HELLOWORLD_STRING [variable]

Basic info

Appears on:: Line 5 in file "shelldoc-helloworld-demo.sh"

Description


HELLOWORLD_STRING variable stored the default string that is echoed by hworld function.


hworld

Basic info

Appears on: Line 11 in file "shelldoc-helloworld-demo.sh"
Available since: 1.0
Required arguments: space-seperated list of additional strings to print (all arguments, $*)
Arguments passing method: standard

Usage

hworld <optional arguments to echo after the string>

Description


hworld prints the value of $HELLOWORLD_STRING variable as well as $* after that string. It always returns 0.
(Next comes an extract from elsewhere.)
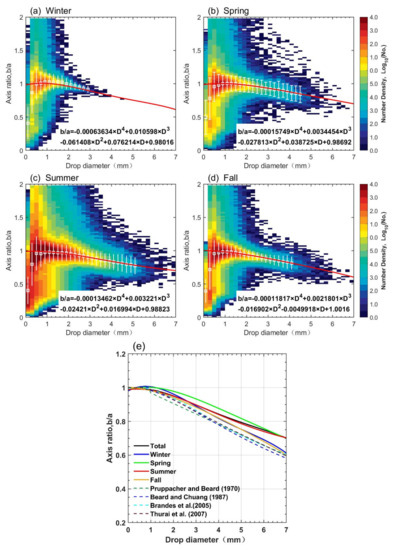 As shown in Figure 10a–d, the frequency distribution characteristics of axis ratio versus diameter for all seasons are relatively consistent, although the fourth-order polynomial fitting formulas change with the season. The fourth-order polynomial mean axis-ratio relations for the whole dataset and the different seasons are given in Equations (12)–(16), respectively:

Automatically generated by shelldoc 0.2.1 from ./shelldoc-helloworld-demo.sh on Linux (PWD="/home/tim/shelldoc", USER="tim", 28.06.2019 19:25:40)

Usage

shelldoc <space-seperated list of bash scripts> > "<markdown documentation file name>"
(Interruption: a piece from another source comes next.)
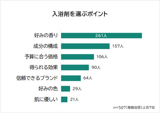 「入浴剤を選ぶポイントは何か?」と質問したところ、もっとも多かった回答は「好みの香り(261人)」でした。2位「成分の構成(157人)」、3位「予算に合う価格(106人)」、3位「得られる効果(90人)」が続きます。

For example, if we have files "foo.sh" and "bar.sh" and we want to create a Markdown documentation file with the name "foobar-docs.md", then we would run shelldoc this way:

shelldoc foo.sh bar.sh > foobar-docs.md

Alternatively, we could directly generate HTML documentation by piping ShellDoc output to Pandoc, like this:

shelldoc foo.sh bar.sh | pandoc -f markdown > foobar-docs.html

Documenting bash scripts themselves

ShellDoc parses all comments starting with #@. All of the documentation related to a specific function or variable must be placed before the declaration of the function/variable itself.
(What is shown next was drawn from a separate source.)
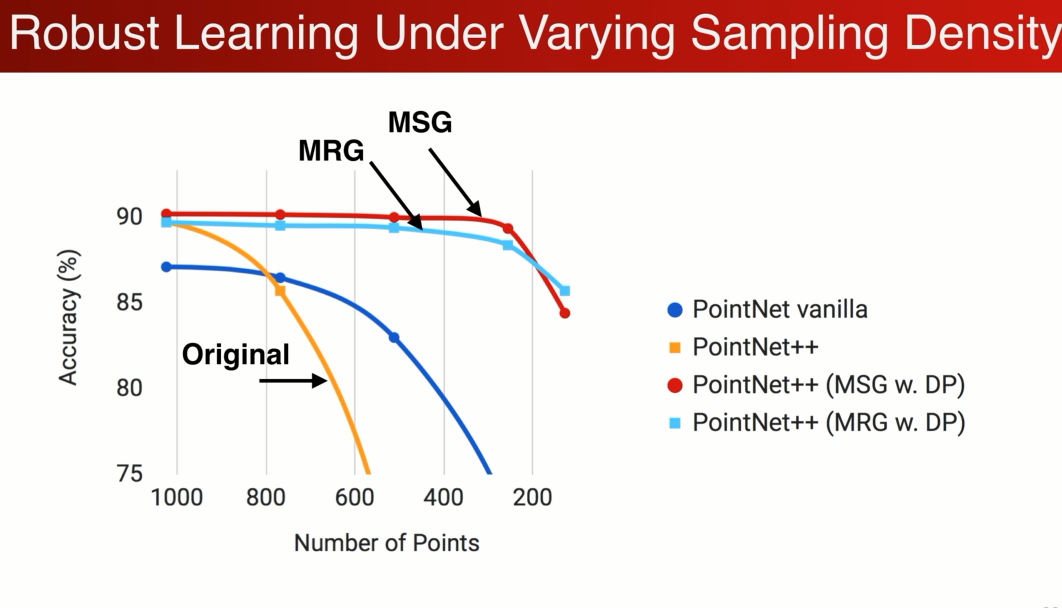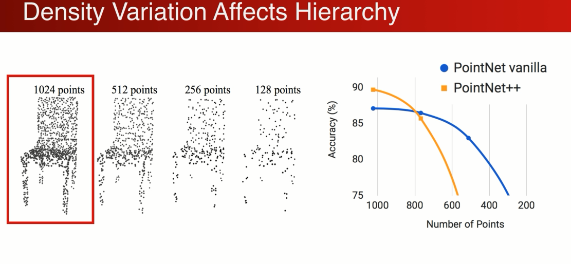 在刚开始1024点的时候point net ++ 更加强大,得到更高的精确度,应为它是在小区域上,随着密度的下降,性能收到了极大的影响,在小于500个点以后性能低于pointnet

You can provide tags to set the availability, the basic usage examples or the required arguments fields. To do that, we use AvailableSince, Usage and Arguments tags. To indicate that we use a tag, we put a ':' after its name. Here is an example:

#@ AvailableSince: 2.0
#@ Usage: brand_new_function <adjective>
#@ Arguments: adjective that will be used to describe current day (first argument, $1)
#@ niceday is a function that descibes the day as $1. It returns 1 on error and 0 on success.
niceday() {
	if test "$1" != ""; then
		echo "What a $1 day."
		return 0
	fi
	echo "Adjective not specified."
	return 1
}

If your function supports piping or any other arguments specification methods, use argspec_method tag to specify those:

#@ Usage: cat "<file>" | basepiper
#@ Arguments: pipe the string or command output to convert to base64
#@ argspec_method: via pipes
#@ basepiper converts each line of the piped string to base64. It always returns 0.
basepiper() {
	while read line; do
		echo "$line" | base64 -
	done
	return 0
}

To document variables, use the Variable tag:

#@ Variable: yes
#@ This variable contains a link to Tim K's website.
TIMKOI_WEBSITE="http://timkoi.gitlab.io"

License

ShellDoc is licensed under GNU General Public License v3.